Study material:
- - -
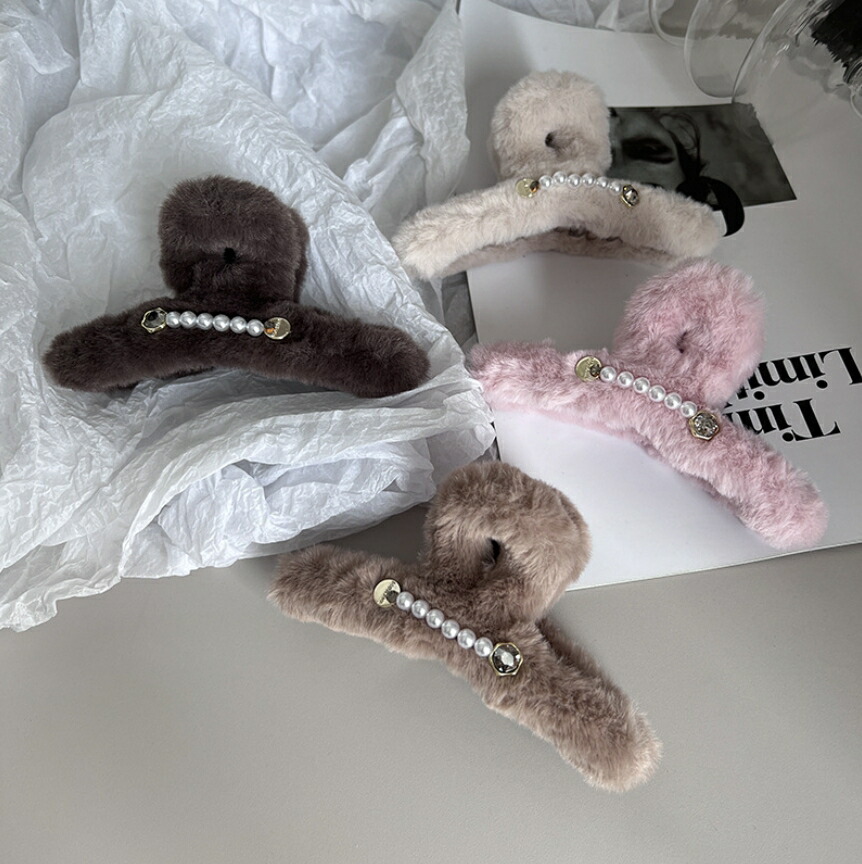ファーバンスクリップ パール付きバレッタ ビジュー モコモコヘアクリップ シンプル ふわふわ クリップ 大人可愛い 秋冬 レディースヘアアクセサリー
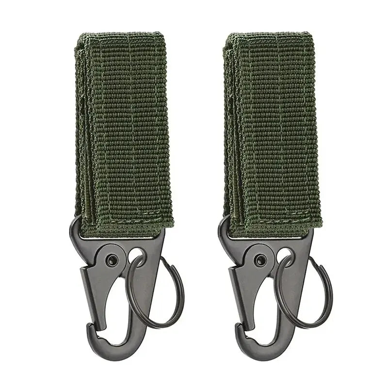 The 2pcs Tactical Hanging Buckle Molle Nylon Webbing Carabiner Belt features a robust tactical design, ideal for outdoor activities like climbing and camping.
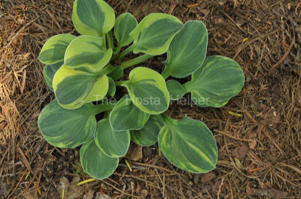 We don't know the origin of this plant but from the name, it should be safe to say that it is a streaked version of H. 'Blue Mouse Ears'...duh. If that is true, it should be a miniature size hosta that bears clusters of pale purple flowers in July.
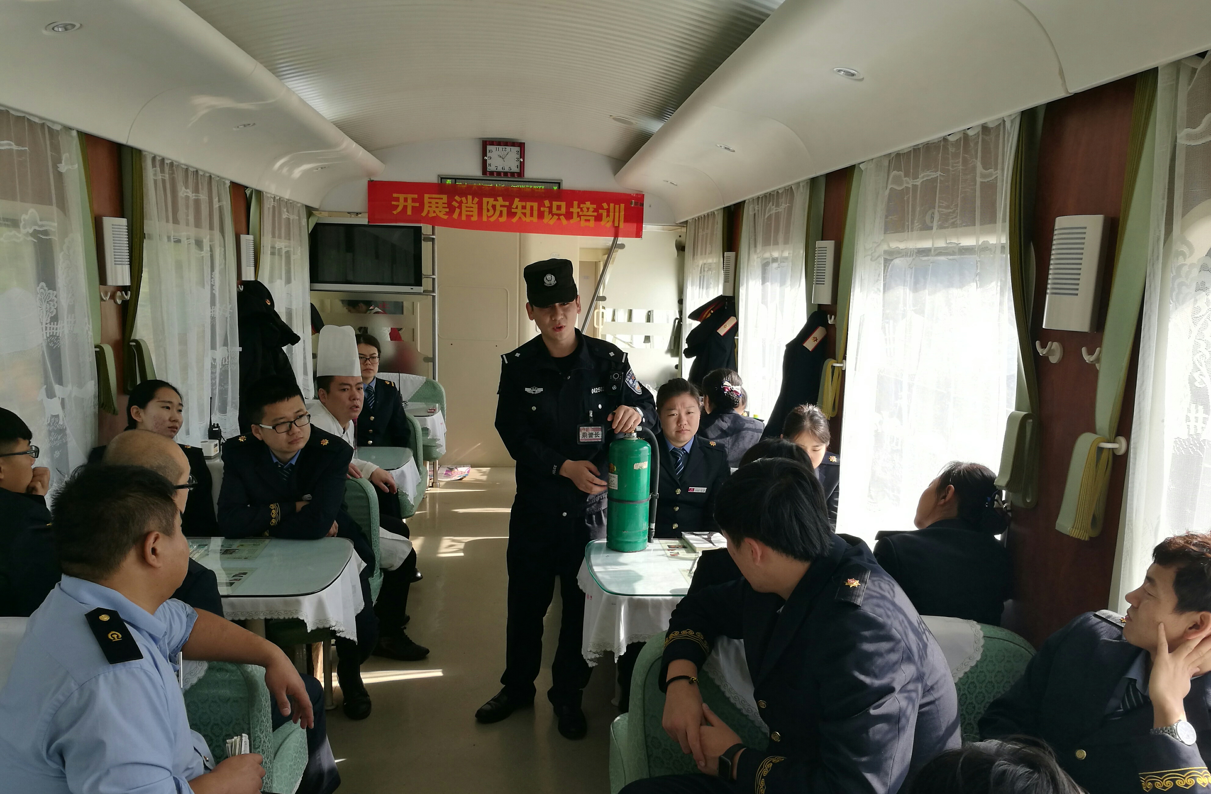 附图:11月29日,锡林浩特铁路公安处乘警支队Z336次旅客列车第五警组乘警长苏成勇向列车客运人员讲授灭火器使用知识
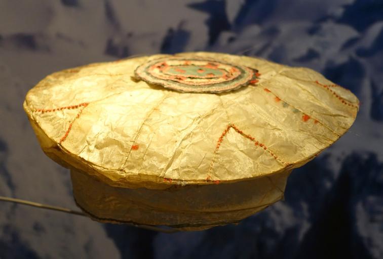 Keywords: Cap, Sitka, Alaska, c. 1906, stitched leather with mammal gut, No. 1906.21.0018 - Etnografiska museet - Stockholm, Sweden - DSC01265.JPG en Exhibit in the Etnografiska museet Stockholm Sweden This work is old enough so that it is in the public domain Photography was permitted in the museum without restriction 2014-09-16 own Daderot other versions cc-zero Arctic collection in the Etnografiska museet Uploaded with UploadWizard Leather clothing Fish leather |
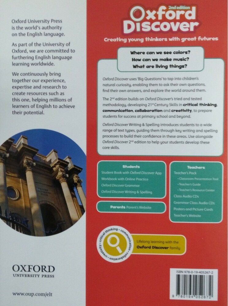 2-е издание Oxford Discover основывается на испытанной методологии первого издания и развивает навыки критического мышления, общения, сотрудничества и креативности для подготовки учащихся к будущему успеху в начальной школе и за ее пределами.
- - -
Prompt: Each line from the one that holds "The 2pcs Tactical" through the final line of the data must be retyped exactly; the pictures must not appear.

Exercise response:
 The 2pcs Tactical Hanging Buckle Molle Nylon Webbing Carabiner Belt features a robust tactical design, ideal for outdoor activities like climbing and camping.
 We don't know the origin of this plant but from the name, it should be safe to say that it is a streaked version of H. 'Blue Mouse Ears'...duh. If that is true, it should be a miniature size hosta that bears clusters of pale purple flowers in July.
 附图:11月29日,锡林浩特铁路公安处乘警支队Z336次旅客列车第五警组乘警长苏成勇向列车客运人员讲授灭火器使用知识
 Keywords: Cap, Sitka, Alaska, c. 1906, stitched leather with mammal gut, No. 1906.21.0018 - Etnografiska museet - Stockholm, Sweden - DSC01265.JPG en Exhibit in the Etnografiska museet Stockholm Sweden This work is old enough so that it is in the public domain Photography was permitted in the museum without restriction 2014-09-16 own Daderot other versions cc-zero Arctic collection in the Etnografiska museet Uploaded with UploadWizard Leather clothing Fish leather |
 2-е издание Oxford Discover основывается на испытанной методологии первого издания и развивает навыки критического мышления, общения, сотрудничества и креативности для подготовки учащихся к будущему успеху в начальной школе и за ее пределами.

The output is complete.